Kevin John Edusei und die Sinfoniker mit Bruckner

Von Klaus P. Richter

Natürlich war das gewaltige Forte in Bruckners vierter Sinfonie für das Prinzregententheater eigentlich zu laut. Aber es kam in den tobenden Finalen von Scherzo und Schlusssatz einem grandiosen Überwältigungsgestus zugute. Denn was die Münchner Sinfoniker hier, allen voran ihre Blechbläser, entfesselten, war eine Hochleistung, die man bei diesem nicht risikolosen Weitsprung in die große Bruckner-Sinfonik kaum erwartet hatte. Schuld daran war ihr charismatischer, nicht weniger risikofreudige Maestro Kevin John Edusei. Ebenso ambitioniert wie engagiert dirigierte der elegante Energetiker keine wirklich "Romantische", wie ihr Titel meint, sondern einen atemberaubenden Parcours durch die Brucknerschen Klanggebirge von den glimmenden Tiefen bis zu den gleißenden Gipfeln.

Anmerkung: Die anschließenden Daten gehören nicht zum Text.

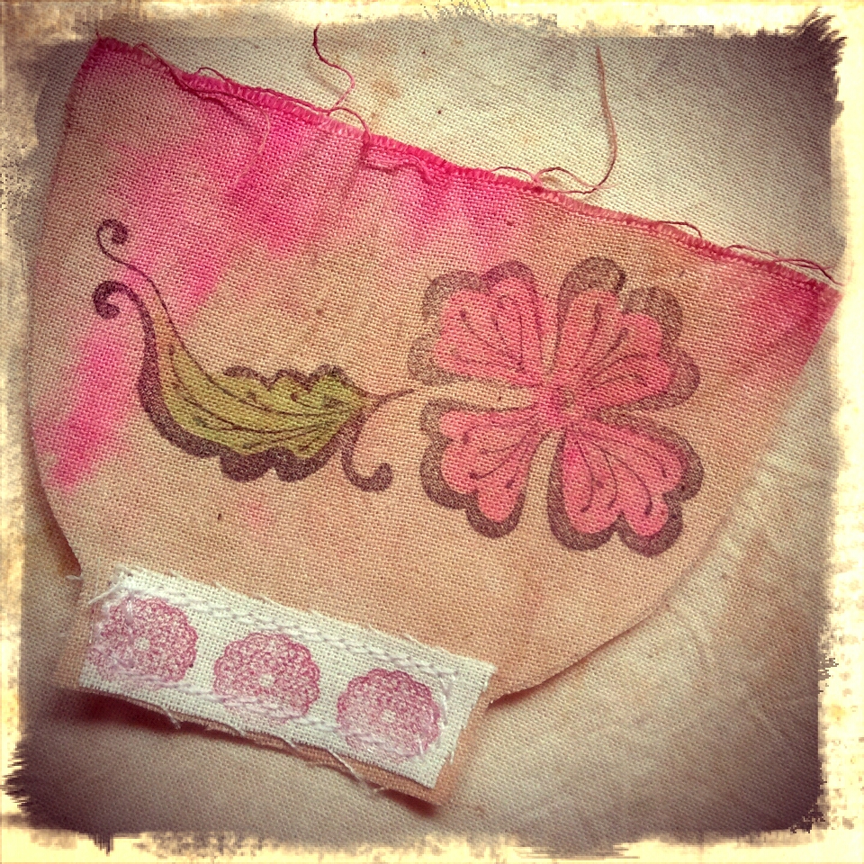 (walnut ink, Dylusions ink spray in bubblegum, stamps, and fabric markers)

Edusei bleibt zwar den Pianissimo-Idyllen, die so gerne mit Waldzauber und Naturfrieden assoziiert werden, der fahlen c-Moll Celli-Trauer im Andante und auch dem Spiel der irisierenden Horn- und Flöteninterferenzen nichts schuldig, aber er strukturiert mit präzisem Schlag vor allem die verschiedenen Energieebenen des sinfonischen Kolosses. Dabei legt er es besonders auf die Maxima an: die oft fast zu steilen Steigerungsschübe in die Bläserfanfaren, die monumentalen Choräle und die strahlenden Es-Dur- und C-Dur-Lichteinbrüche mit ihrem triumphalen Fortissimo-Pathosglanz. Und gestaltet damit einen intensiven, beeindruckenden Bruckner.

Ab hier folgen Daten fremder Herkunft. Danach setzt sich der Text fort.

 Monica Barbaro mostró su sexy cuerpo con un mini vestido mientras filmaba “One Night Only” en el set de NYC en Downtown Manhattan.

Zuvor noch stellte sich der 21-jährige Geiger Chad Hoopes aus Florida als momentaner "Artist in Residence" des Orchesters vor. Zwar unbeschwerter Yankee und "Youngster" in dieser Rolle, traf er Mozarts luzide Leichtigkeit im ersten Satz des A-Dur-Violinkonzert KV 219 allerdings nicht. Etwas zu sehr bemüht, wirkte sein Spiel eher unfrei und vordergründig. Bis zum Adagio aber hatte er sich eingespielt. Dort gelang ihm dann viel klangschöne Besinnlichkeit und im Alla-turca des Schlussrondos schließlich auch lockere Unbekümmertheit.